──────── DATASET RECORDS
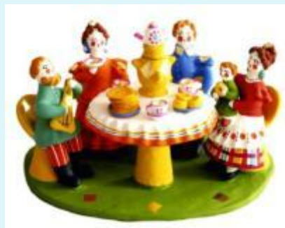
Дымковская игрушка. Дымковская слобода, г.Киров, на берегу реки Вятки
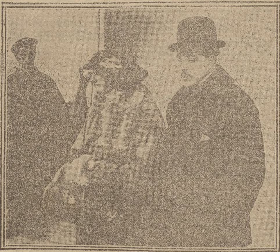
El ex Rey don Manuel de Portugal y su esposa, á bordo del barco que le condujo á Douer. Como se comprende, carecían de fundamentos los rumores que circularon presentando á la joven princesa como resuelta á no reanudar la vida matrimonial, interrumpida por la enfermedad que, á raíz de la boda, le obligó á acogerse á un sanatorio.

Ya han salido para unirse á la escuadra algunos buques, entre ellos uno hospital, para seis mil plazas.
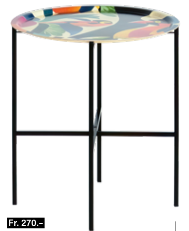
FRÖHLICHE ABWECHSLUNG Mit dem zusammenklappbaren Tischgestell aus Stahl werden die Servierplatten aus Birkenfurnier von HappyTrays im Handumdrehen zu eleganten Beistelltischen. In vielen Farben und Grössen erhältlich. happytrays.ch
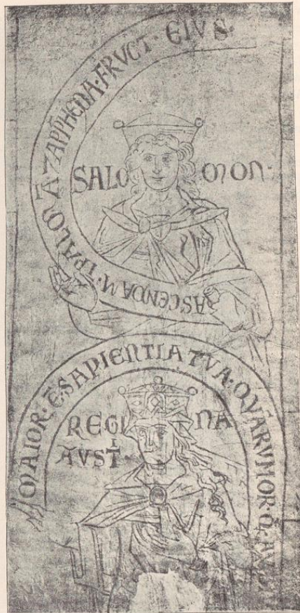
Abb. 30. Salomon und die Königin von Saba (Synagoge). Pause nach einem Wandgemälde. Halberstadt, Liebfrauenkirche.
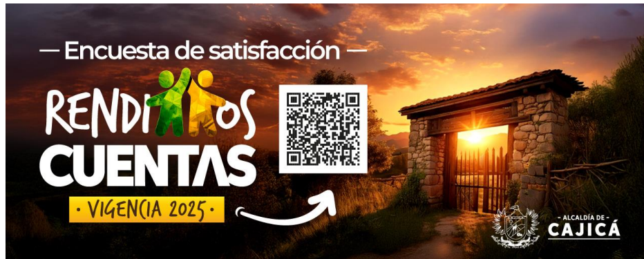
QR Evaluación de evento de Rendición de Cuentas

La encuesta fue divulgada mediante códigos QR ubicados en el auditorio y socializada al finalizar el evento, permitiendo que los asistentes accedieran fácilmente al formulario. El instrumento estuvo habilitado para todos los participantes desde las 9:00 a. m. del 28 de febrero de 2026 hasta las 8:00 a. m. del 2 de marzo de 2026, con el propósito de facilitar la participación y recopilar insumos para la evaluación y mejora continua de futuros ejercicios de rendición de cuentas.
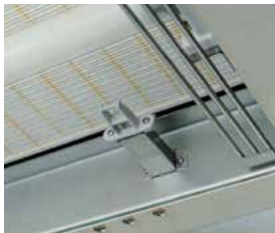
風速センサーとエアーカーテン機構
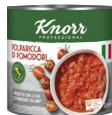
Polparicca – Krájané paradajky 2,55 kg
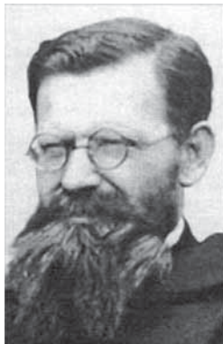
Beato Josaphat Chichkov
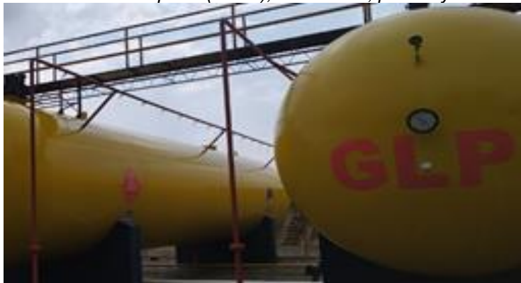
Imagen No. 6. Estructura de soporte (silleta), accesorios, pintura y marca de los tanques

Igualmente, el sistema de almacenamiento posee válvulas de corte de emergencia y/o cierre de sección en el sistema de trasiego, necesarias para la seguridad de módulo de cargue y descargue, en cumplimiento de lo señalado en el literal b) del numeral 6.2.1.4, del artículo 6 de la Resolución 40246 de 2016.
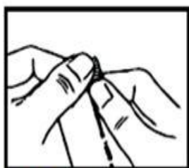
2. Con la otra mano rasgue el sobre por donde indican las flechas
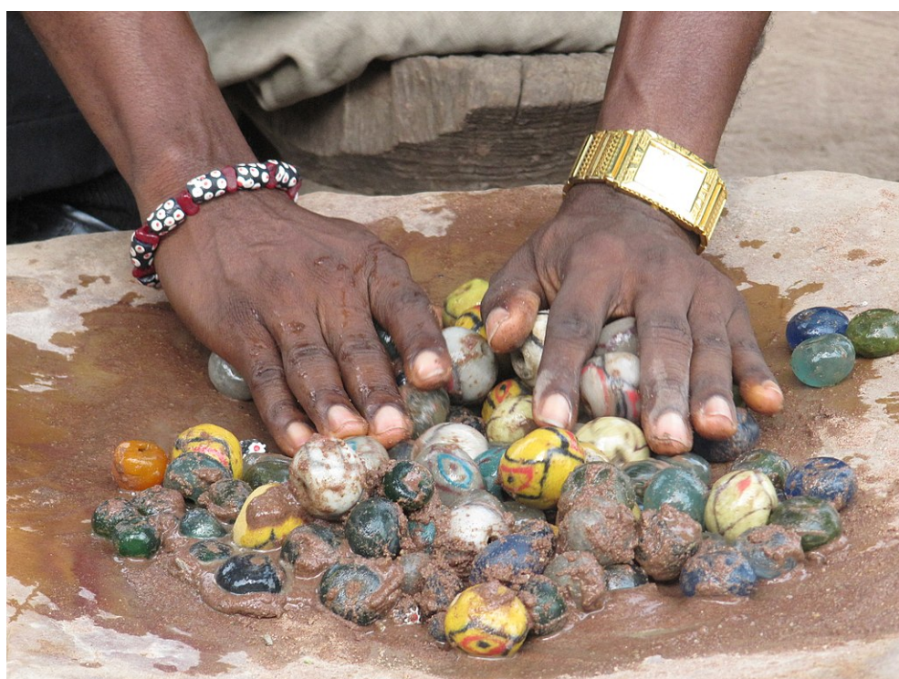
Рис. : Процесс шлифовки бусин
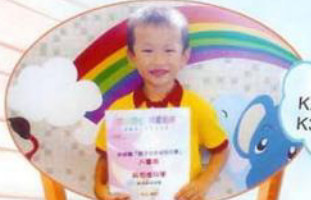
觀塘區公民教育活動幼稚園親子倡廉填色比賽
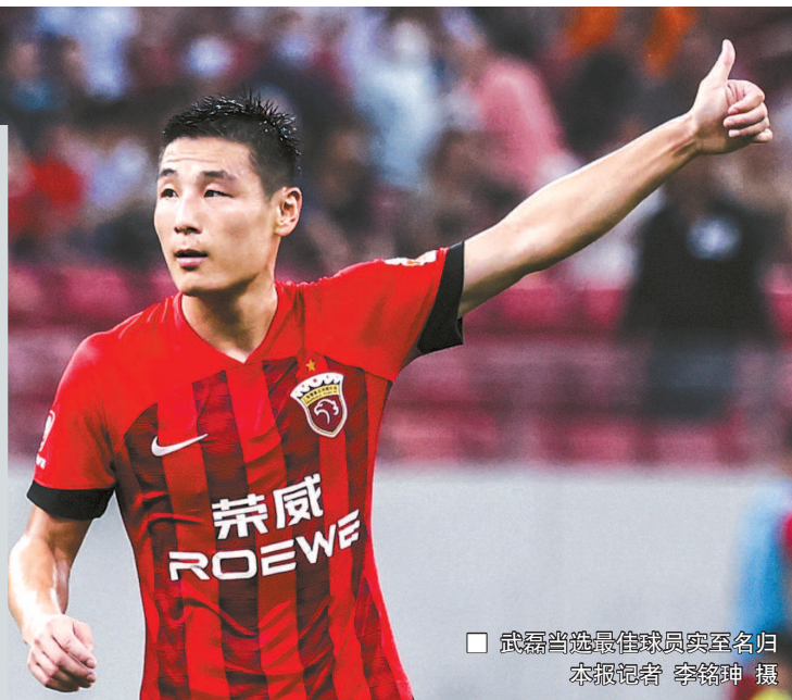
□ 武磊当选最佳球员实至名归

昨天，中超联赛组委会公布了2023赛季中超联赛年度奖项评选结果，在最受关注的几大评选中，上海海港队的国脚武磊当选年度最佳球员、浙江队外援莱昂纳多当选年度最佳射手、山东泰山队韩国籍主帅崔康熙当选年度最佳教练员、泰山队门将王大雷当选年度最佳守门员。
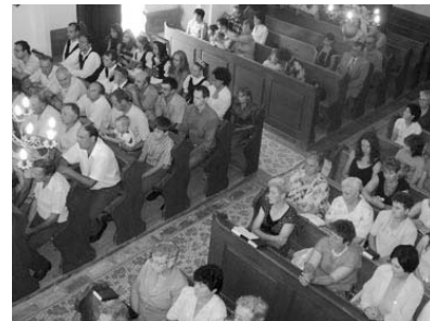
Zselyken a háromszáz lélek már tengert jelent. Ölelkező emberek, kézfogások színtere a templomtér.

Besztercétől 24 kilométerre délnyugati irányban, a Sajó patak völgyétől balra, Sajónagyfalu, Szentiván, Péntek, Nagyida, Dipse és Fehéregyháza határai közt, egy katlanszerű mélyedésben fekszik Zselyk. A völgyet magas dombok veszik körül, és meredek utakon lehet csak a faluba jutni Fejéregyháza vagy Sajónagyfalu felől.
────────────────
# EXERCISE INSTRUCTIONS
Lines with "evento": state how many there are in the records, and nothing more.

# YOUR RESPONSE
2